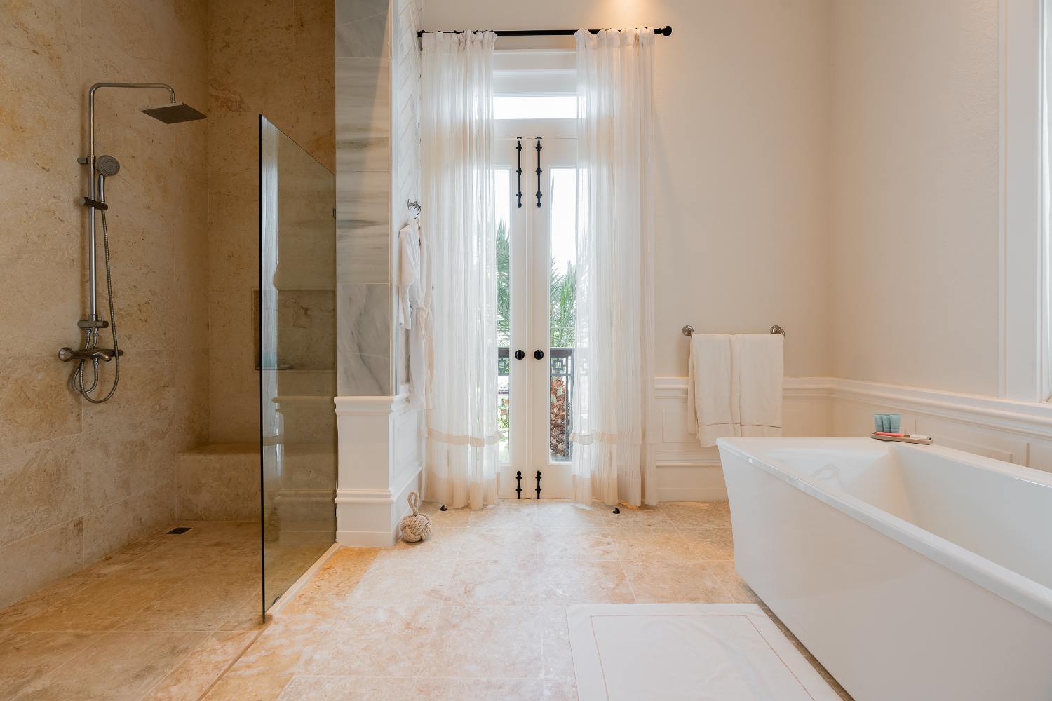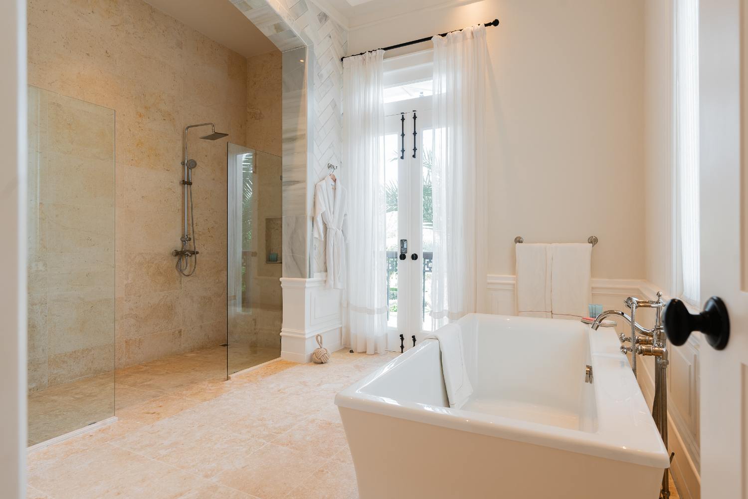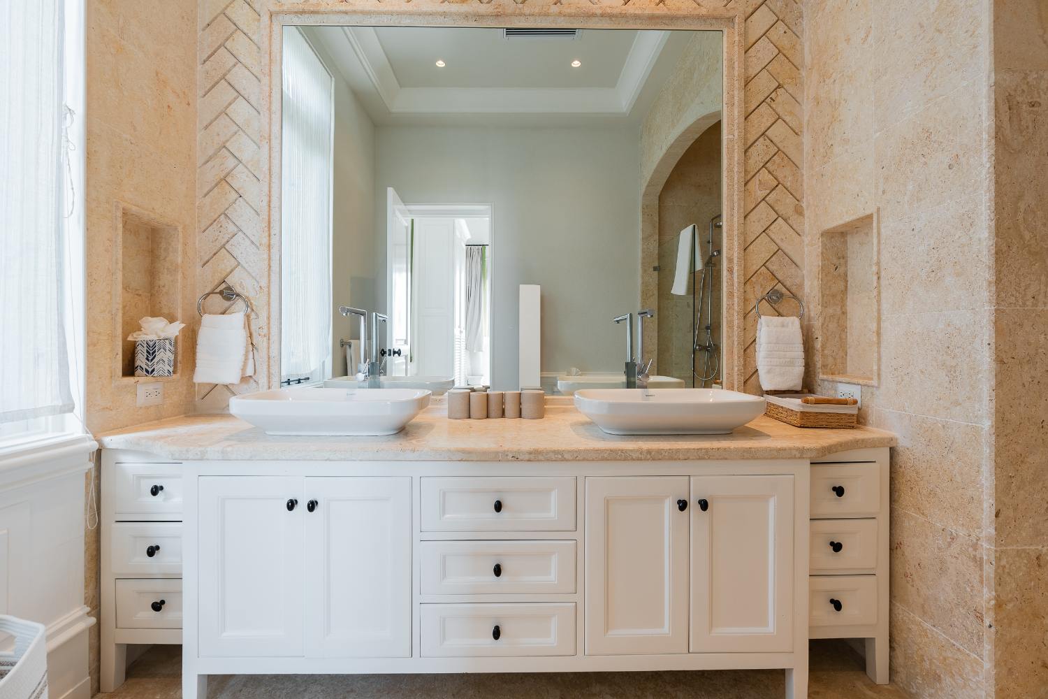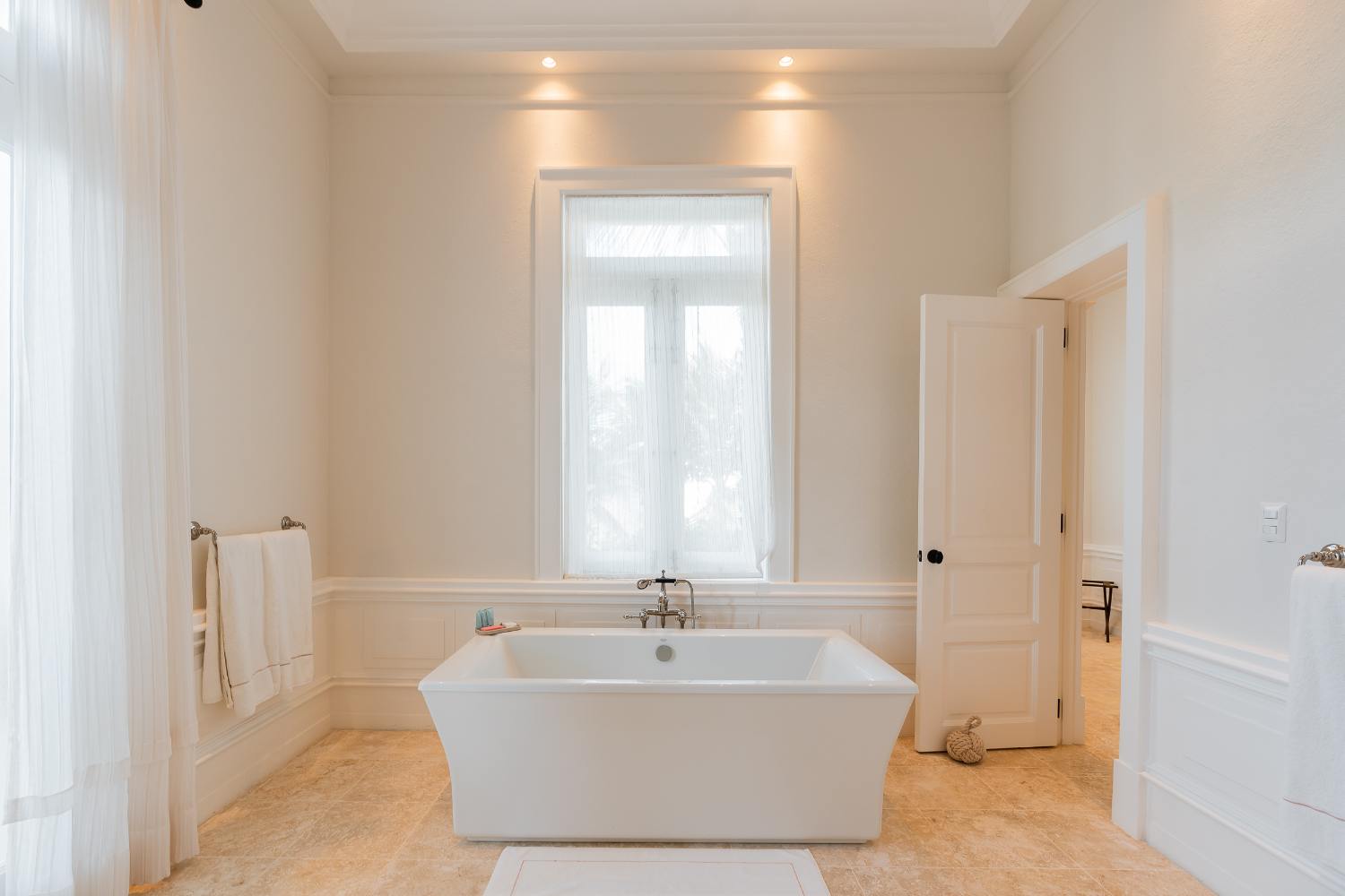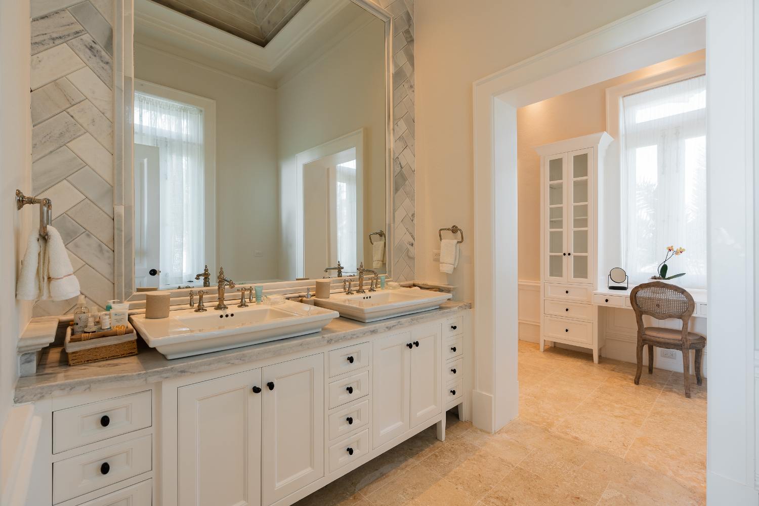 Seven beautifully furnished bedrooms resemble private suites. The main oceanfront suite has a large bathroom and dressing area that allow you to unwind into the evening, and it opens to a private terrace for first-light color and last-light tranquility. With spa-bright en suite bathrooms, ample wardrobes, quiet climate control, and cool linens against sun-warmed skin, companion suites—some featuring lounge areas and terrace or garden access—are designed for genuine relaxation. Couples withdraw to their areas of light and breeze, families spread out without interfering with each other’s rhythms, and everyone re-connects where the pool meets the sea.
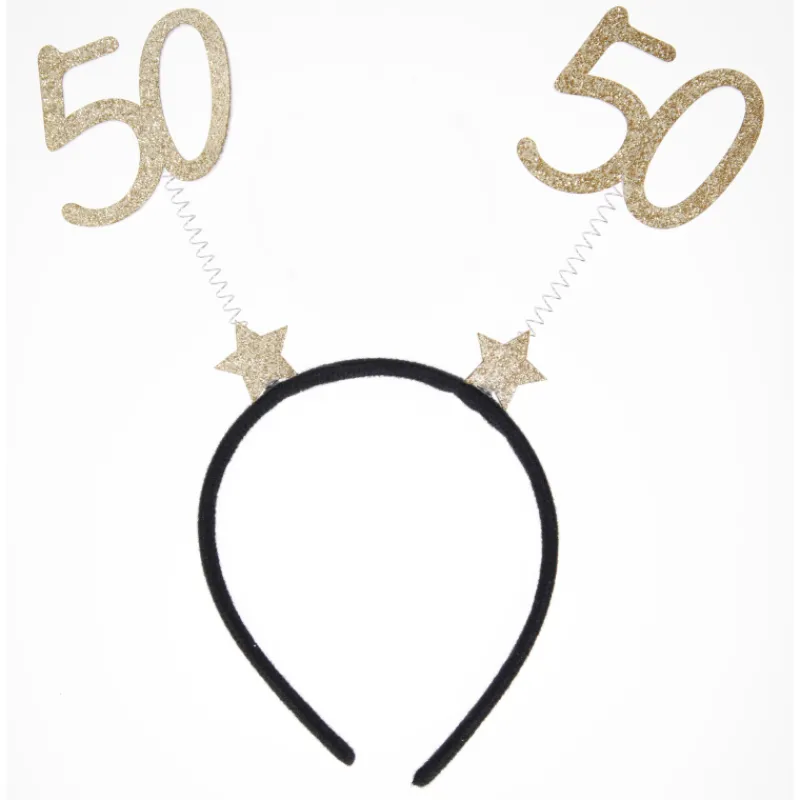 Kruunaa 50 vuotta täyttävä syntymäpäiväsankari Let’s Party -hupipannalla! Pannassa on juhlavan kullanvärisinä kimaltelevat tähti- ja numerokoristeet.
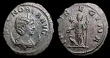 ![]() Zenobia Antoninianus coin reporting her title, Augusta and showing her diadem and draped bust on a crescent with the reverse showing a standing figure of یونو، holding a patera in her right hand, a sceptre in her left, a peacock at her feet, and a brilliant star to the right | |||||
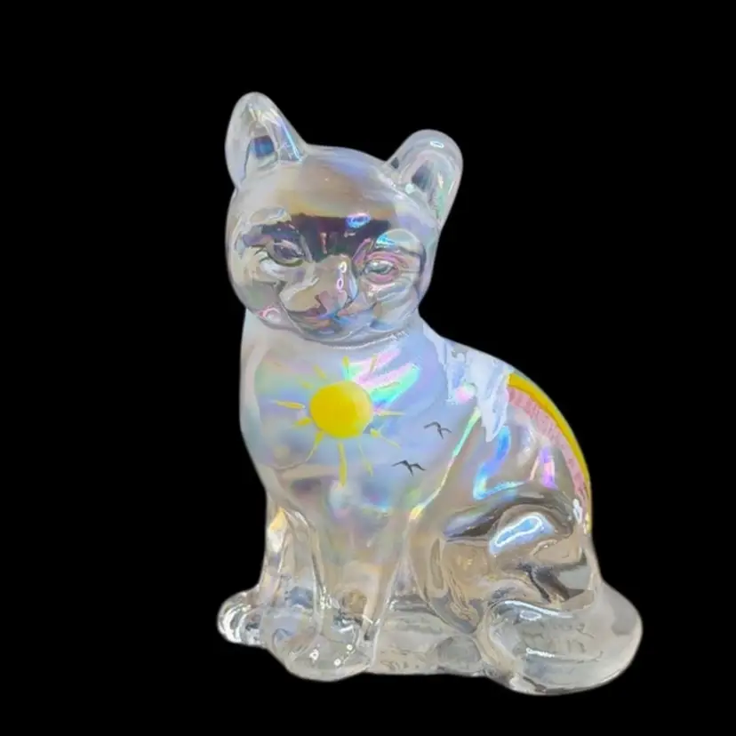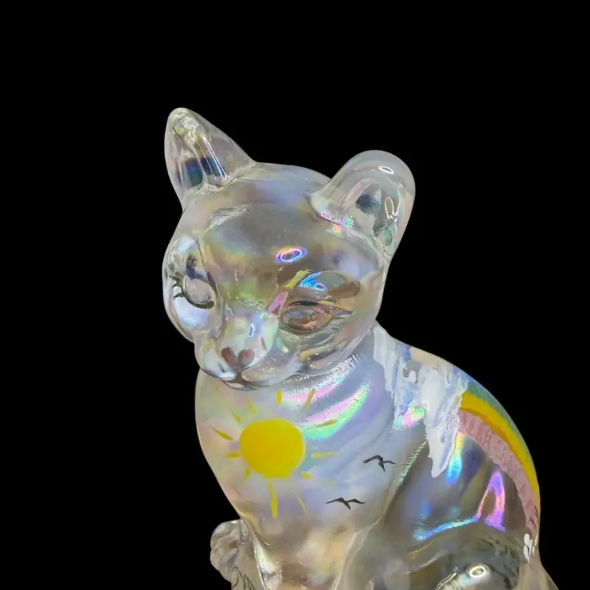 Beautiful “dreams and rainbows” cat figurine, 2005 FENTON exclusive 100 years.

• _TASK OBJECTIVE_:
Print exactly, and only, the lines from the one with "right | |||||" through the last line of the listing above. No pictures belong in the copy.

• _EXERCISE RESULT_:
 ![]() Zenobia Antoninianus coin reporting her title, Augusta and showing her diadem and draped bust on a crescent with the reverse showing a standing figure of یونو، holding a patera in her right hand, a sceptre in her left, a peacock at her feet, and a brilliant star to the right | |||||
 Beautiful “dreams and rainbows” cat figurine, 2005 FENTON exclusive 100 years.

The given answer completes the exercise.